Applies the Smooth convolution filter to a 3x3 neighborhood, comparable to an ‘Option-Smooth’, Process Menu, for increased blurring.

Applies the Sharpen convolution filter to a 3x3 neighborhood, comparable to an ‘Option-Sharpen’, Process Menu, for increased sharpening.

Inverts the LUT for all slices in a stack.

Applies a median filter with a 3x3 neighborhood to all slices in a stack.

Propagates changes to the look-up table to all slices in a stack. By default, any changes to the LUT are confined to the slice on which they are made.

These macros apply non-linear transformations to the slope of the LUT. All but the ‘Gamma Transform’ are preset functions. The ‘Gamma Transform’ prompts the user to enter values between 0.5 and 2.0 to control the non-linearity of the LUT slope (gamma). These may be useful to bring out details in regions of images with wide ranges of intensities.

Changes pixel values of 0 to 1 and 255 to 254 in all slices. Pixel values of 0 (which always display as white) and 255 (always displays as black) can cause problems when pseudo-coloring images and during thresholding operations.

These two macros change the orientation of all slices in a stack.

Rotates each slice counter-clockwise 90°. Creates a new stack.

Rotates each slice clockwise 90°. Creates a new stack.

Uses the ‘Scale and Rotate’ command found in the Edit Menu to perform an arbitrary rotation on all slices in a stack. Enter values from 180° to –180°.

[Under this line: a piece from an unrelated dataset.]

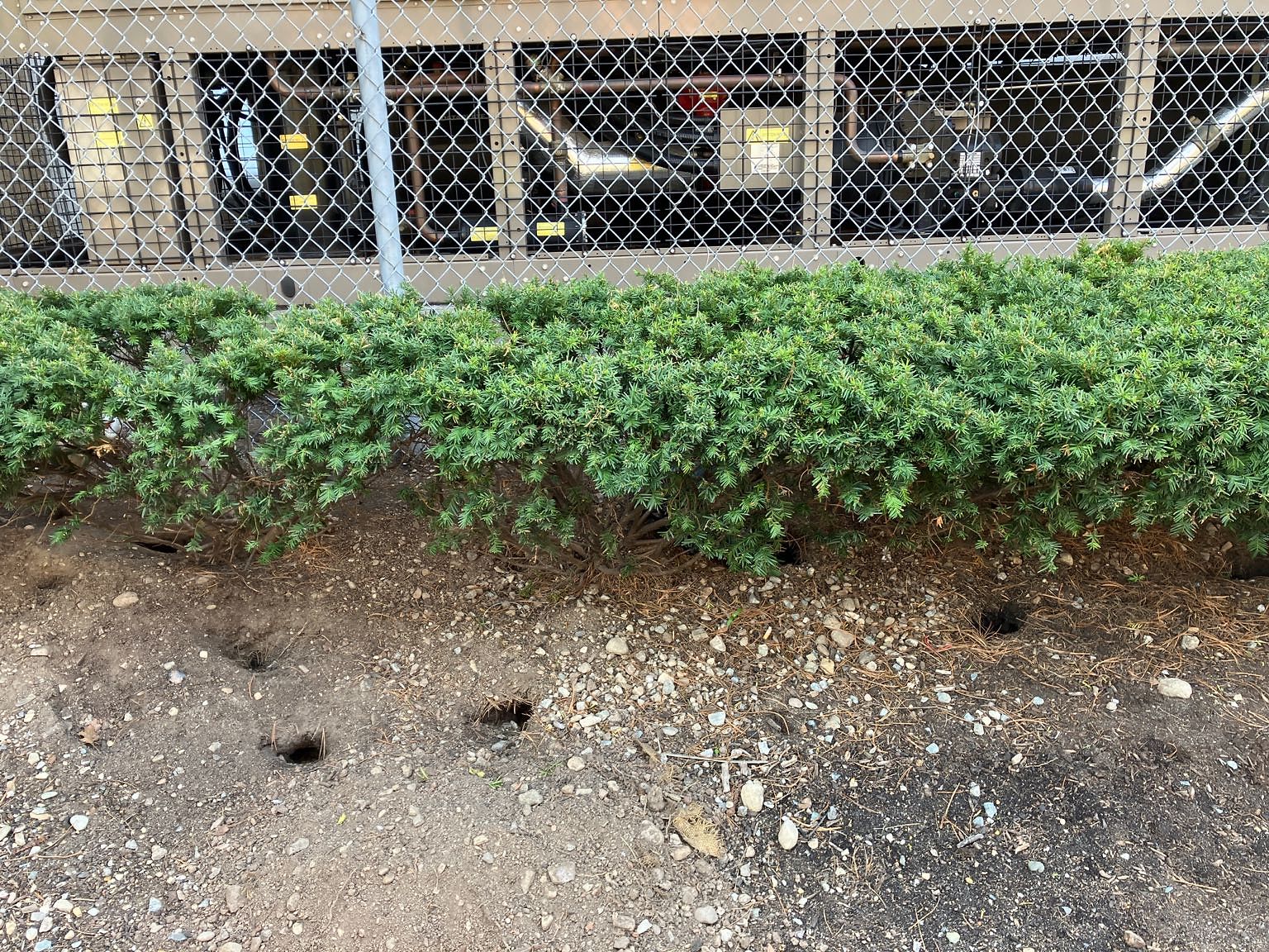 Adjacent to 10 Brookline Place West, next to HVAC units, quite a complex of burrows, presumably rat.

The user creates a rectangular region of interest. Then this macro erases everything outside of that region. The slices remain the same size, with the region of interest surrounded by white margins. This can create space for titles, margins or quickly observing the effects of cropping. See the Crop and Scale Macros, below. DANGER-This macro cannot be undone!

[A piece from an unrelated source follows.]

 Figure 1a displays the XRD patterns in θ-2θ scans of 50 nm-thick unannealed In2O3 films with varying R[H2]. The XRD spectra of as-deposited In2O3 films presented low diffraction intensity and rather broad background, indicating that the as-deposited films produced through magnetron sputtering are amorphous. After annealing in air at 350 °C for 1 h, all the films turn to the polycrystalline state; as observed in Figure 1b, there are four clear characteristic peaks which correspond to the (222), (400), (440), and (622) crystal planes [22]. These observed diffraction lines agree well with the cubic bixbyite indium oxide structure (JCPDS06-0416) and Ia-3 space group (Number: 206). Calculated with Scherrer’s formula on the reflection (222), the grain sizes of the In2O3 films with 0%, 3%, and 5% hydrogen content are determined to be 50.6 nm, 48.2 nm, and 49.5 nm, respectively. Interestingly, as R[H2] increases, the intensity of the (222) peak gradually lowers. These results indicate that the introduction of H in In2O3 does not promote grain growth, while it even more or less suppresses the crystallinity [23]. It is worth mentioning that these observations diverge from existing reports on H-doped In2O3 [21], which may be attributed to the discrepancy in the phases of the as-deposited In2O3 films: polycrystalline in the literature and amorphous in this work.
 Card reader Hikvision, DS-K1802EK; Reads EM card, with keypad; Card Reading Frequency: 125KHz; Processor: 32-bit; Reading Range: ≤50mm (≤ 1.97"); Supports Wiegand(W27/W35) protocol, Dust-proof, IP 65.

These use the ‘Scale and Rotate’ command found in the Edit Menu. Create a region of interest with the rectangular selection tool or by ‘Select All’, Edit Menu. The macro will prompt for a scaling factor between 0.05 and 25. The open stack will be closed and replaced by a new stack of cropped slices that have been rescaled by the entered factor. The default factor of 1 will crop without re-scaling. These only operate on a single stack.

'Crop and Scale-Fast' replicates pixels for quicker rendering, but with lower quality that preserves the pixel statistics of the image. 'Crop and Scale-Smooth' performs re-scaling with a bilinear interpolation for better visual results, but requires longer rendering time.

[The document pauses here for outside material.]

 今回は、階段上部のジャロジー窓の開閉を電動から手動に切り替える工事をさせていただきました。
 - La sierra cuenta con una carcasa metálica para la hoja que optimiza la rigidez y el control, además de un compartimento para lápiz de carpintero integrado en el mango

This macro differs from the 2 above in that it will operate on all open stacks. Its purpose is to crop the same region of interest from multiple channel z-series or timelapse stacks. Draw a rectangular selection on a slice in any of the stacks then select this macro. The selections will be copied to new stacks entitled 'stackname cropped'. Each stack will be closed as it is operated on. Each new stack will be closed after saving.

Removes alternate slices, halving the length of a stack. Helpful to speed up operations with large stacks or reducing file size for animations to be placed on the web.

Inserts a copy of each slice into the stack. Enter the number of times each is replicated. For example, entering ‘3’ creates a stack of 1,1,1,2,2,2,3,3,3,4,4,4…n,n,n. Useful for making projections, animations or 3D drawings.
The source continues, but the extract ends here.